In my Novel Technology and Human Behavior course we have an assignment related to a specific novel technology and how it interacts with philosophical ideas and psychological reasoning. So, of course my group member Timmy and I decide to do work on something that is mostly unrelated to actual technology. We decided to look into different metrics for growth. GDP is the current standard for everything. High GDP and GDP growth is currently construed to mean that you have high well being in a given country. However, this is not what the metric was originally designed to measure. So what does GDP measure? It measure most major economic activity. It measures production, hospital bills, and end good sales for example. However, it excludes factors like education, house hold activities and the black market. These are serious gaps. As most people will tell you that have been employed we tend to focus on the activity that is measured. So if you’re at work and you need to get defect counts down or shorten call time for tech support you will do everything you can to make that happen. Even if it’s actually bad for the company you work for. So, if you have high defects you can reduce your measuring frequency to make it look like your defects are better. Or if you’re on a phone call you can be rude and just give the minimum help you can. These are negative results from a measurement.

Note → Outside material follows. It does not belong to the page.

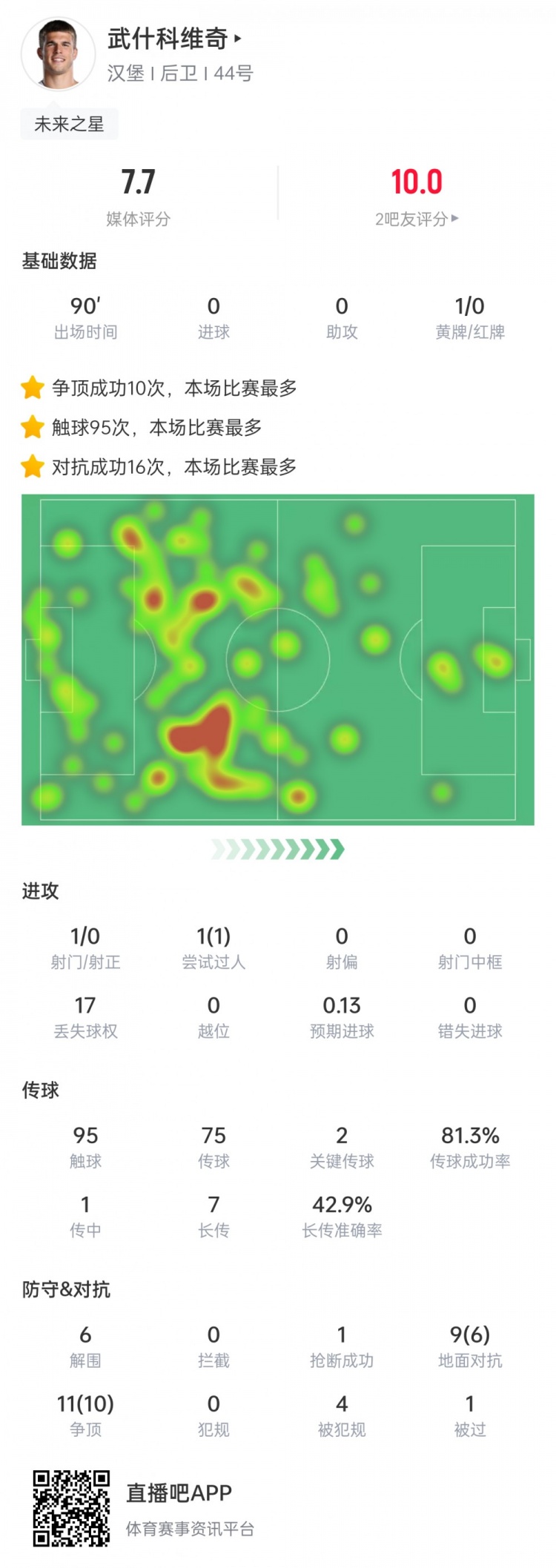 未来可期!武什科维奇本赛季2场联赛争顶成功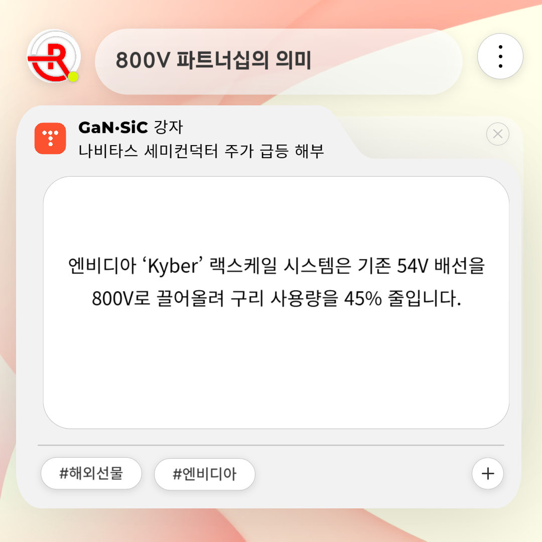 엔비디아 ‘Kyber’ 랙스케일 시스템은 기존 54V 배선을 800V로 끌어올려 구리 사용량을 45% 줄입니다. 나비타스 세미컨덕터의 GaNFast·GeneSiC 기술은 열 손실을 낮추고 냉각 비용까지 절감해 데이터센터 OPEX 구조를 뒤흔듭니다. 저는 지난달부터 전력 효율 지표가 우수한 반도체 기업만 모아 ‘AI 인프라 바스켓’을 만들었는데, 이번 발표로 포트 비중을 3% 추가했습니다.

In our poster we argue that something similar happens with GDP. So a tragedy of the common happens all the time. It can be something as inconsequential as replacing the water from a community water cooler. Most people won’t do it because you assume that some one else will. Below is an example of what I mean by how GDP is a tragedy of the commons.
Wasn't there also a way of calculating a better measure of productivity.. I believe it is Net savings (GDP-depreciation=NDP-depletion of (natural) resources=Net savings) but i could be wrong about the name. We covered this in development economics so maybe Timmy can comment on that as well.
I haven't seen anything about netsavings. We didn't cover that in MST, but I think it's still missing the benefit of green energy and sustainable activity. I understand what you're saying though. I'm basically just acknowledging that there is a problem and saying that there are alternative measure that may address the problem.